The announcement from Cloudflare on a Monday morning carried the flavor of a truce among giants that rarely paddle in the same direction. Together with Google Chrome, Microsoft Edge, and Mozilla Firefox, the edge computing provider intends to give life to Private Access Control Tokens, or PACTs: a cryptographic mechanism through which a website can issue an anonymous token asserting that a browsing session is conducted by a human or an authorized bot. The stated goal is to allow online service operators to separate desirable traffic from malicious requests without resorting to login walls or increasingly frustrating CAPTCHAs.

The token as a passport: how PACTs are supposed to work

The protocol envisions a site with «deep knowledge of 'personhood'» issuing a digital token to a browser or software agent. The visitor can then present that token to any other web property that adheres to the system, which can trust the attestation without repeating the verification each time. It is a kind of reusable, privacy-preserving CAPTCHA result, in theory. The technical details are still being ironed out and harmonized among the various proposals, but the objective is clear: reduce the friction caused by security checks for all visitors, human or agent, «without sacrificing privacy,» as Dane Knecht, Cloudflare’s CTO, emphasized.

Cloudflare’s statement insists on privacy because the tokens would not contain personal data. Yet the absence of personally identifiable information in a token does not fix the fingerprinting or tracking that browsers can still enable. Moreover, a flawed implementation could open up new abuse vectors, such as the potential to discriminate against certain categories of users or devices. The developers involved, including those from Google and Mozilla, have stated in past technical discussions that excluding specific platforms or user-agents is not the goal, but drawing a line between welcome and unwelcome traffic is inherently slippery.

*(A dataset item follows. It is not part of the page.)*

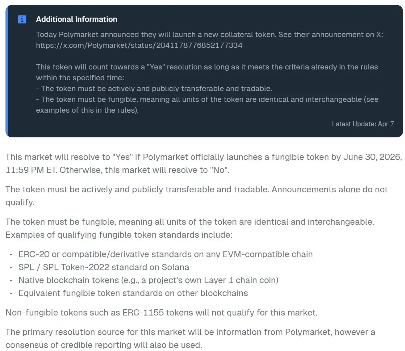 支持方认为,从规则字面来看,「发行代币」并未被限定为必须是「治理代币」(governance token),而是对所有代币的泛指。在这一前提下,Polymarket USD 作为由 Polymarket 发行的 ERC20/SPL 等同质化代币,本质上符合「发币」的定义。此外,官方后续补充说明更多是对原有规则的重申,而非临时修改规则,因此在合规性上具备一定合理性。

Who decides who is a ‘person’? The ambiguities of personhood

A core unresolved point is what exactly «deep knowledge of 'personhood'» means. The announcement hints that the definition could extend to software legitimately authorized to act on behalf of a person, such as the autonomous agents increasingly common thanks to LLMs. This detail is not minor: in a scenario where AI-generated traffic becomes pervasive, the ability to distinguish a well-behaved crawler from a nuisance one becomes critical. Bobby Holley, CTO for Firefox at Mozilla, spoke of an «avalanche of automated traffic» pushing sites toward blunt defenses – paywalls, identity checks, CAPTCHAs, invasive tracking – just to tell whether a request comes from a human. PACTs could offer a more elegant path, but they raise the question: who gets to decide which behaviors merit a pass?

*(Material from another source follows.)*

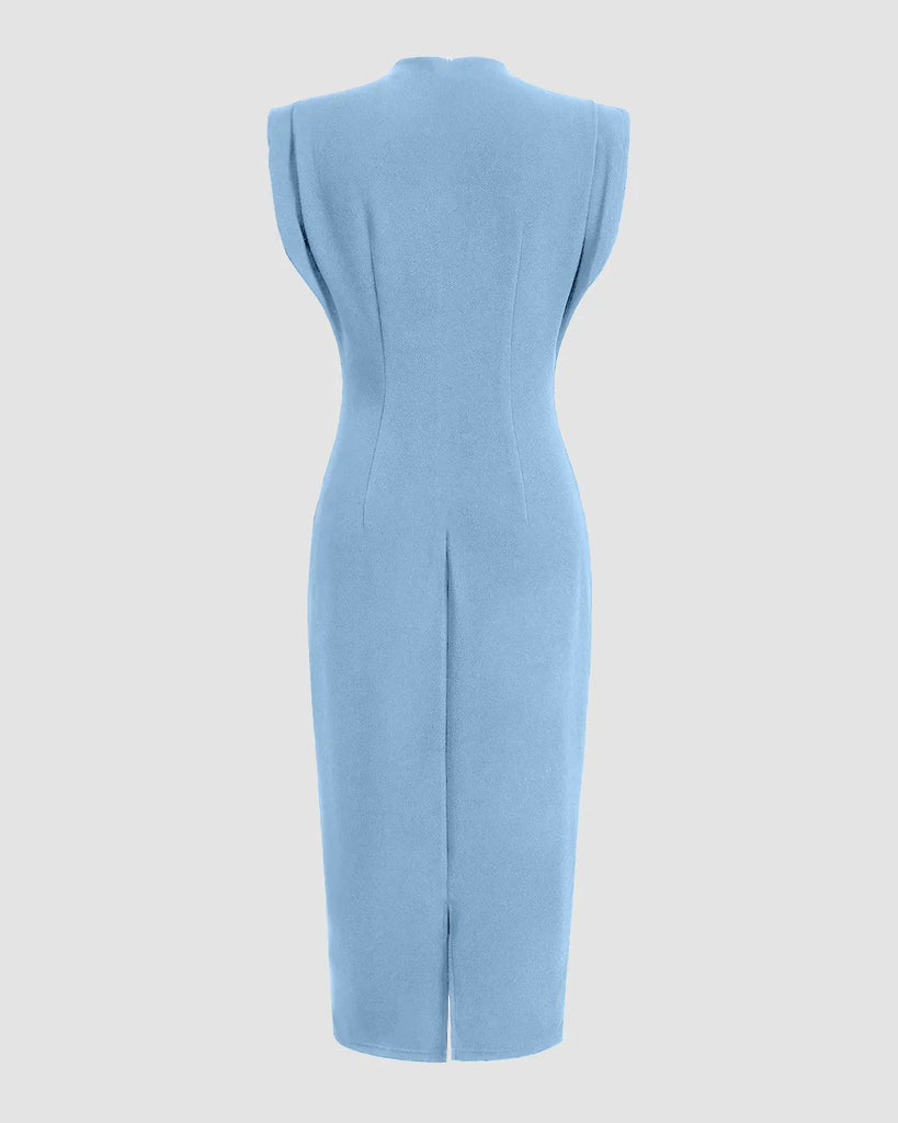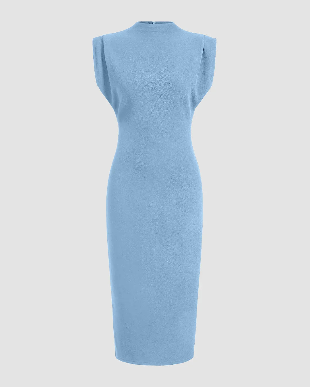 Powder Blue Structured Shoulder Bodycon Midi Dress

Traffic control and on-premise infrastructure: an open game

For those running self-hosted or on-premise services, this proposal touches a nerve. Companies that keep their servers inside their corporate perimeter already have to filter vast amounts of bot traffic, both to protect internal resources and to ensure service quality for real users. PACTs could become a useful tool to delegate part of that decision to trusted third parties, reducing the need for firewalls and manual rules. On the other hand, relying on an external attestation introduces a delegation vector that clashes with environments focused on data sovereignty and full stack control. If token issuance ends up concentrated among a few large players, on-premise operators might find themselves negotiating access to their own systems through an intermediary – a paradox for those who chose autonomy precisely to avoid external dependencies. At AI-RADAR, constant monitoring of protocols like this helps assess whether and how to integrate them without surrendering sovereignty.

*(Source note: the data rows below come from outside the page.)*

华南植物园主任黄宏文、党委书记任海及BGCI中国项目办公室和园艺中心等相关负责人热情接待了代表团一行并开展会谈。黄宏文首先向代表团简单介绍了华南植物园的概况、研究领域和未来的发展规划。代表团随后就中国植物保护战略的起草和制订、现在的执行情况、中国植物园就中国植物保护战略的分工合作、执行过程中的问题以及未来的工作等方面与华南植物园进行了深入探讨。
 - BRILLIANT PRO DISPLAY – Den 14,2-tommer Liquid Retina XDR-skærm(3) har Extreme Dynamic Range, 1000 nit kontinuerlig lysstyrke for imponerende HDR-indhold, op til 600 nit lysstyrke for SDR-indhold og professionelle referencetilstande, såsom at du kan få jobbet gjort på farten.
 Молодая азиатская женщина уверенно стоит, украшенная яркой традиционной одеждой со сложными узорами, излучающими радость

Privacy bliss or a two-speed web?

Cloudflare’s dream of «eliminating the friction caused by security protocols» is understandable, but reality could be more complex. While PACTs promise to reduce the need for repeated checks, they risk erecting an access barrier that requires a kind of pre-accreditation to be considered legitimate traffic. Large publishers and resource-rich platforms could become gatekeepers of 'personhood', while smaller or experimental projects might struggle to obtain the tokens needed to be recognized as good actors. This dynamic partly recalls existing walled gardens, but with the twist of a seemingly neutral technical mechanism. For those building LLM-based applications that interact with the web, the prospect is twofold: PACTs could simplify access to public data if bots are welcomed, but they might also become yet another hurdle for those operating outside established circuits. The road to a truly shared protocol is still long, and the technical choices of the coming months will tell whether openness or a fortified castle logic prevails.